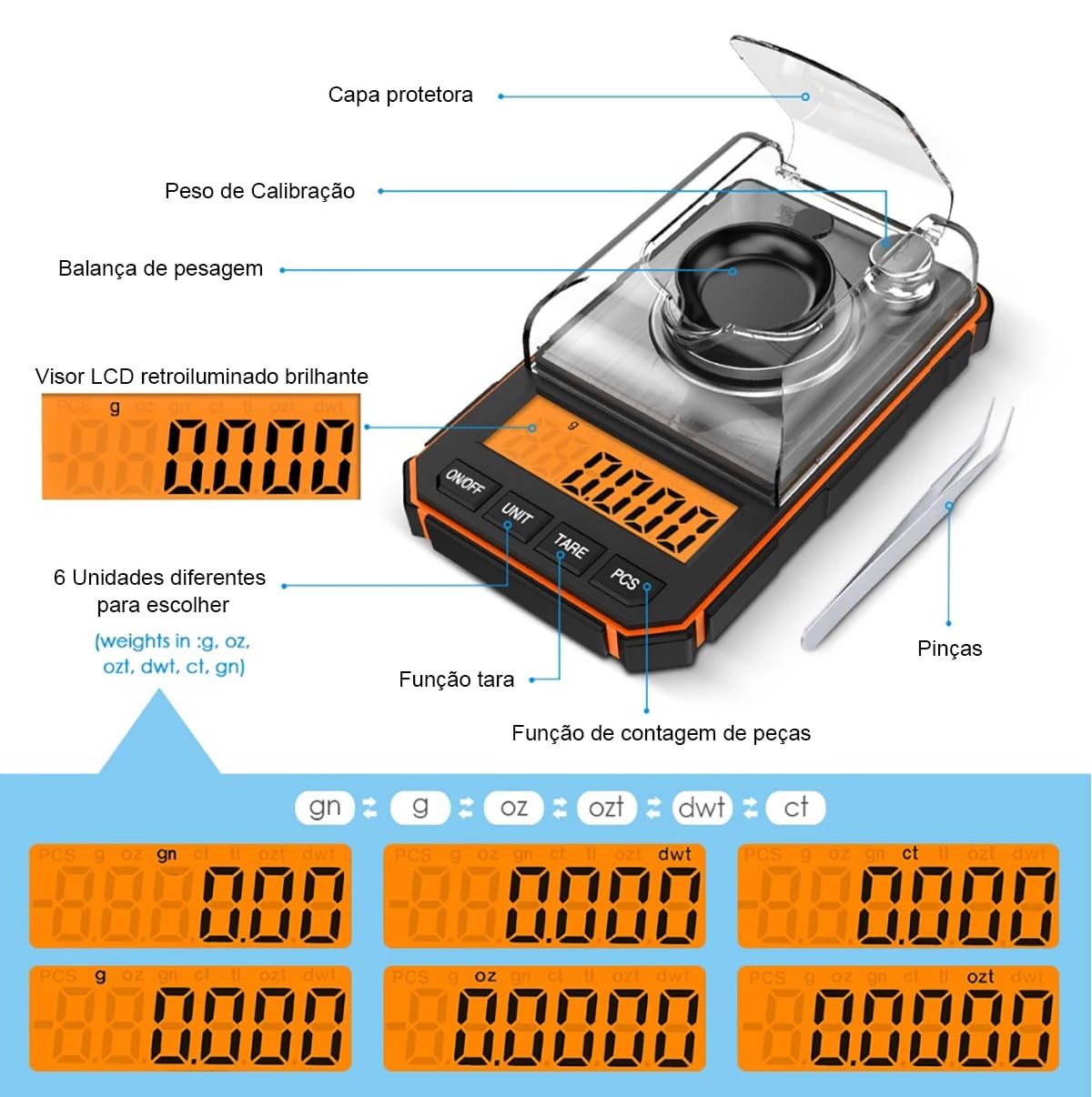Com dimensões de 14,71 x 9,91 x 3,71 cm e peso de 150,25 g, a balança é compacta e fácil de transportar. Possui capacidade máxima de 50 gramas e peso mínimo inicial de 0,006 gramas, com passo de 0,001g para máxima exatidão. Suporta medições em até seis unidades: gramas (g), onças (oz), onças troy (ozt), pennyweights (dwt), quilates (ct) e grãos (gn).
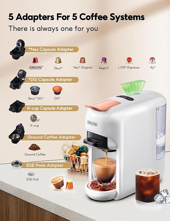 - 【5-in-1 Compatible with Pods and Espresso Powder】This pod coffee maker can be perfectly compatible with Kcup* Pod, Nes*, DG* Capsule, E.S.E. Pod and Espresso Powder. You don’t need to buy a variety of coffee machines because of different pods, this will save you a lot of money.
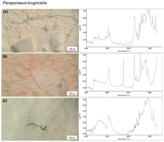 With regard to the chemical characterisation of the ingested MPs, P. longirostris showed a high percentage of polyethylene terephthalate (PET; 59.7%) and polyacrylic (PC; 20.8%) ingestion, with a significant presence of anthropogenic resinous compounds (RES; 11.1%) and a slightly greater variety of ingested polymers, including polyethylene (PE; 4.2%), polyamide (PA; 1.39%), polystyrene (PS; 1.4%) and polyvinyl-chloride (PVC; 1.4%). Conversely, in A. foliacea was quite evident a substantial predominance of epoxy resin compounds (RES; 89.8%) and a moderate presence of polyamide (PA; 3.1%), polyethylene terephthalate (PET; 3.9%), polyacrylic (PC; 2.3%)and polypropylene (PP; 0.8%). The Shannon–Wiener Diversity Index H differed between the two species, amounting to 2.588 for P. longirostris and 1.477 for A. foliacea. Moreover, a strong difference of MP’s code between the two species has been detected (X-squared = 166.74, df = 37, p-value < 0.001), enhancing a significant difference in the types of MPs swallowed from the two species. Representative images of the MPs detected in the two species, along with their respective chemical spectra, are presented in Figure 5.
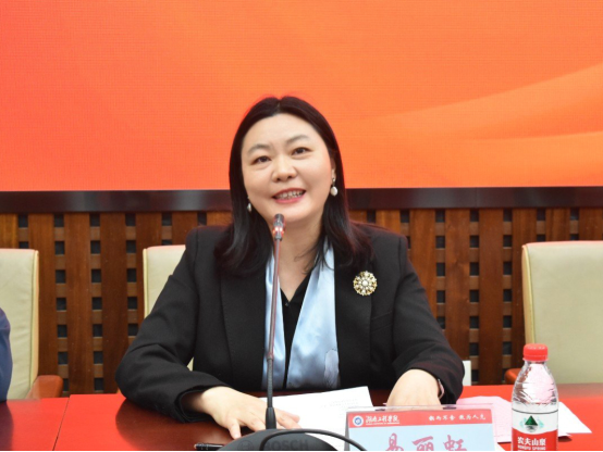 仪式上,易丽虹动情地和现场学生分享自己在湖工的求学经历,表达对母校和恩师的感激之情。她着重介绍了设置奖助学金的初衷,以激励湖工的学弟学妹们爱学习、踏实地、做好人,把自己活成一道光,成为可以为社会、为国家建功立业的人。
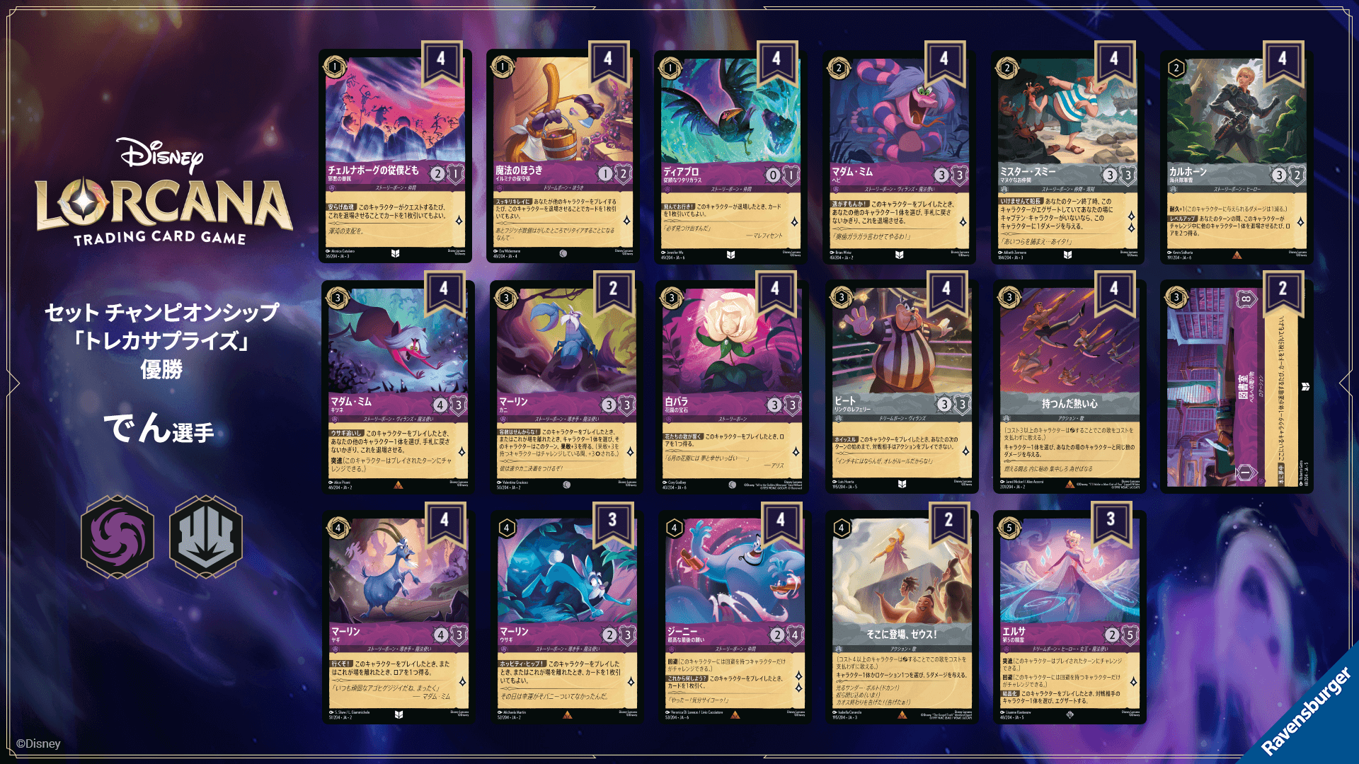 「ディズニーロルカナ 最新デッキ情報局」では、「セット チャンピオンシップ」などの大会結果を紹介し、初心者・中級者の方にも分かりやすい説明で、最新のディズニーロルカナゲーム情報を皆様へお届けしていきたいと思います。
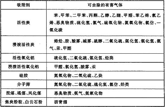 常用的吸附劑有活性炭、硅膠、活性氧化鋁或分子篩等?;钚蕴渴菓?yīng)用較廣泛的一種吸附劑,特別是經(jīng)浸漬處理后,應(yīng)用更加廣泛。硅膠等吸附劑稱為親水性吸附劑,用于吸附水蒸氣和氣體干燥。各種吸附劑可去除的有害氣體見表6。
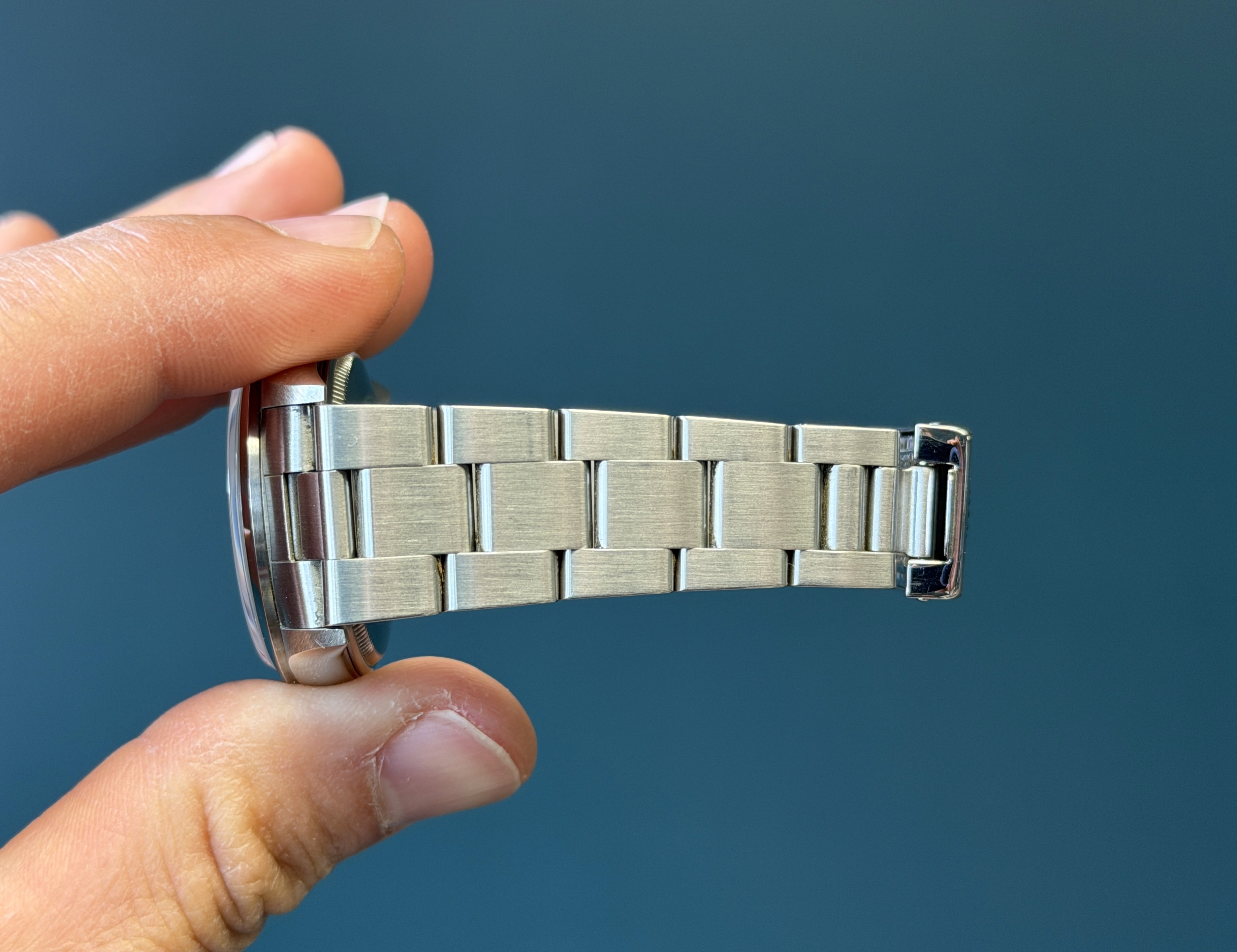 Today's example comes to us in excellent condition. The unpolished no holes case is sharp and crisp paired with its full caseback sticker present. The black stick dial is mint and shows no visible wear. The bracelet has 11 total links and shows no stretch. Just an excellent example at the right price!
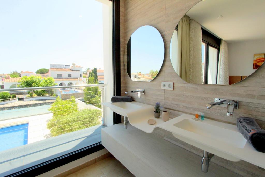 LEON INMO Villa Nicole - 10699 es un alojamiento con piscina de temporada al aire libre y terraza que se encuentra en Empuriabrava, a 1,8 km de Playa de la Rubina, a 1,8 km de Playa de Empuriabrava y a 1,9 km de Platja Petita. Esta villa dispone de piscina privada, jardín, zona de barbacoa, wifi gratis y parking privado gratis. Esta villa con aire acondicionado consta de 3 dormitorios, una sala de estar, una cocina totalmente equipada con nevera y cafetera, y 3 baños con ducha. Para mayor comodidad, el alojamiento puede ofrecer toallas y ropa de cama por un suplemento. Museo Dalí está a 17 km del alojamiento, y Campo de golf Peralada está a 17 km. El aeropuerto más cercano (Aeropuerto de Girona - Costa Brava) está a 66 km del alojamiento.
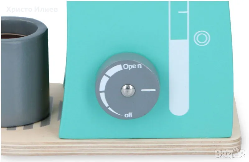 Комплектът се състои от общо 5 части и включва дървена чаша, както и три различни „капсули“ кафе, които децата да сервират на своите плюшени играчки. Кафемашината е с модерен дизайн и е изработена от качествена дървесина.
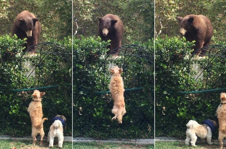 Když se k pozemku Christine Downs Bradburyové z Kalifornie přišoural obrovský medvěd, vypadalo to na hodně nerovný souboj. Zahnat medvědího chlupáče se totiž pokoušela dvojice statečných psíků, vážících sotva pár kilogramů. Vytrvalý štěkot a odhodlání Bentleye a Tuckera, jak se oba stateční psi jmenují, ale slavilo úspěch. Po několika minutách medvěd další postup vzdal a odkráčel pryč.
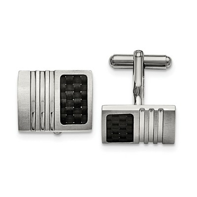Black Bow Jewelry Men's Stainless Steel and Black Carbon Fiber Convex Cuff Links
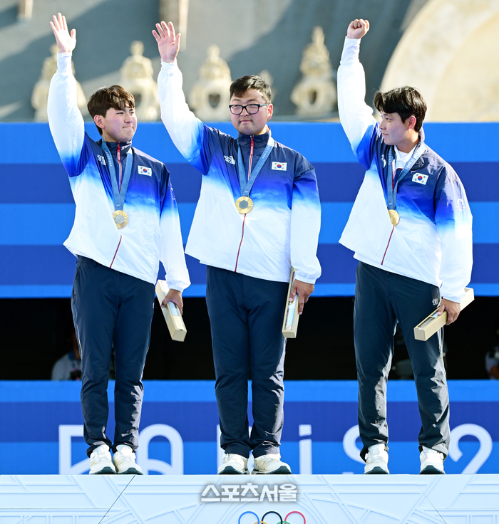 프랑스 파리 앵발리드에서 열린 2024 파리올림픽 양궁 남자 리커브 단체 결승전에서 프랑스를 꺾고 금메달을 딴 뒤 시상대에 올라 인사를 하고 있다. 한국 남자 양궁은 올림픽 3연패를 달성했다. 2024. 7. 30.

■ **WHAT YOU HAVE TO DO**
Everything in the records above is to be copied exactly, except the pictures.

■ **RESPONSE TO THE TASK**
Com dimensões de 14,71 x 9,91 x 3,71 cm e peso de 150,25 g, a balança é compacta e fácil de transportar. Possui capacidade máxima de 50 gramas e peso mínimo inicial de 0,006 gramas, com passo de 0,001g para máxima exatidão. Suporta medições em até seis unidades: gramas (g), onças (oz), onças troy (ozt), pennyweights (dwt), quilates (ct) e grãos (gn).
 - 【5-in-1 Compatible with Pods and Espresso Powder】This pod coffee maker can be perfectly compatible with Kcup* Pod, Nes*, DG* Capsule, E.S.E. Pod and Espresso Powder. You don’t need to buy a variety of coffee machines because of different pods, this will save you a lot of money.
 With regard to the chemical characterisation of the ingested MPs, P. longirostris showed a high percentage of polyethylene terephthalate (PET; 59.7%) and polyacrylic (PC; 20.8%) ingestion, with a significant presence of anthropogenic resinous compounds (RES; 11.1%) and a slightly greater variety of ingested polymers, including polyethylene (PE; 4.2%), polyamide (PA; 1.39%), polystyrene (PS; 1.4%) and polyvinyl-chloride (PVC; 1.4%). Conversely, in A. foliacea was quite evident a substantial predominance of epoxy resin compounds (RES; 89.8%) and a moderate presence of polyamide (PA; 3.1%), polyethylene terephthalate (PET; 3.9%), polyacrylic (PC; 2.3%)and polypropylene (PP; 0.8%). The Shannon–Wiener Diversity Index H differed between the two species, amounting to 2.588 for P. longirostris and 1.477 for A. foliacea. Moreover, a strong difference of MP’s code between the two species has been detected (X-squared = 166.74, df = 37, p-value < 0.001), enhancing a significant difference in the types of MPs swallowed from the two species. Representative images of the MPs detected in the two species, along with their respective chemical spectra, are presented in Figure 5.
 仪式上,易丽虹动情地和现场学生分享自己在湖工的求学经历,表达对母校和恩师的感激之情。她着重介绍了设置奖助学金的初衷,以激励湖工的学弟学妹们爱学习、踏实地、做好人,把自己活成一道光,成为可以为社会、为国家建功立业的人。
 「ディズニーロルカナ 最新デッキ情報局」では、「セット チャンピオンシップ」などの大会結果を紹介し、初心者・中級者の方にも分かりやすい説明で、最新のディズニーロルカナゲーム情報を皆様へお届けしていきたいと思います。
 常用的吸附劑有活性炭、硅膠、活性氧化鋁或分子篩等?;钚蕴渴菓?yīng)用較廣泛的一種吸附劑,特別是經(jīng)浸漬處理后,應(yīng)用更加廣泛。硅膠等吸附劑稱為親水性吸附劑,用于吸附水蒸氣和氣體干燥。各種吸附劑可去除的有害氣體見表6。
 Today's example comes to us in excellent condition. The unpolished no holes case is sharp and crisp paired with its full caseback sticker present. The black stick dial is mint and shows no visible wear. The bracelet has 11 total links and shows no stretch. Just an excellent example at the right price!
 LEON INMO Villa Nicole - 10699 es un alojamiento con piscina de temporada al aire libre y terraza que se encuentra en Empuriabrava, a 1,8 km de Playa de la Rubina, a 1,8 km de Playa de Empuriabrava y a 1,9 km de Platja Petita. Esta villa dispone de piscina privada, jardín, zona de barbacoa, wifi gratis y parking privado gratis. Esta villa con aire acondicionado consta de 3 dormitorios, una sala de estar, una cocina totalmente equipada con nevera y cafetera, y 3 baños con ducha. Para mayor comodidad, el alojamiento puede ofrecer toallas y ropa de cama por un suplemento. Museo Dalí está a 17 km del alojamiento, y Campo de golf Peralada está a 17 km. El aeropuerto más cercano (Aeropuerto de Girona - Costa Brava) está a 66 km del alojamiento.
 Комплектът се състои от общо 5 части и включва дървена чаша, както и три различни „капсули“ кафе, които децата да сервират на своите плюшени играчки. Кафемашината е с модерен дизайн и е изработена от качествена дървесина.
 Když se k pozemku Christine Downs Bradburyové z Kalifornie přišoural obrovský medvěd, vypadalo to na hodně nerovný souboj. Zahnat medvědího chlupáče se totiž pokoušela dvojice statečných psíků, vážících sotva pár kilogramů. Vytrvalý štěkot a odhodlání Bentleye a Tuckera, jak se oba stateční psi jmenují, ale slavilo úspěch. Po několika minutách medvěd další postup vzdal a odkráčel pryč.
Black Bow Jewelry Men's Stainless Steel and Black Carbon Fiber Convex Cuff Links
 프랑스 파리 앵발리드에서 열린 2024 파리올림픽 양궁 남자 리커브 단체 결승전에서 프랑스를 꺾고 금메달을 딴 뒤 시상대에 올라 인사를 하고 있다. 한국 남자 양궁은 올림픽 3연패를 달성했다. 2024. 7. 30.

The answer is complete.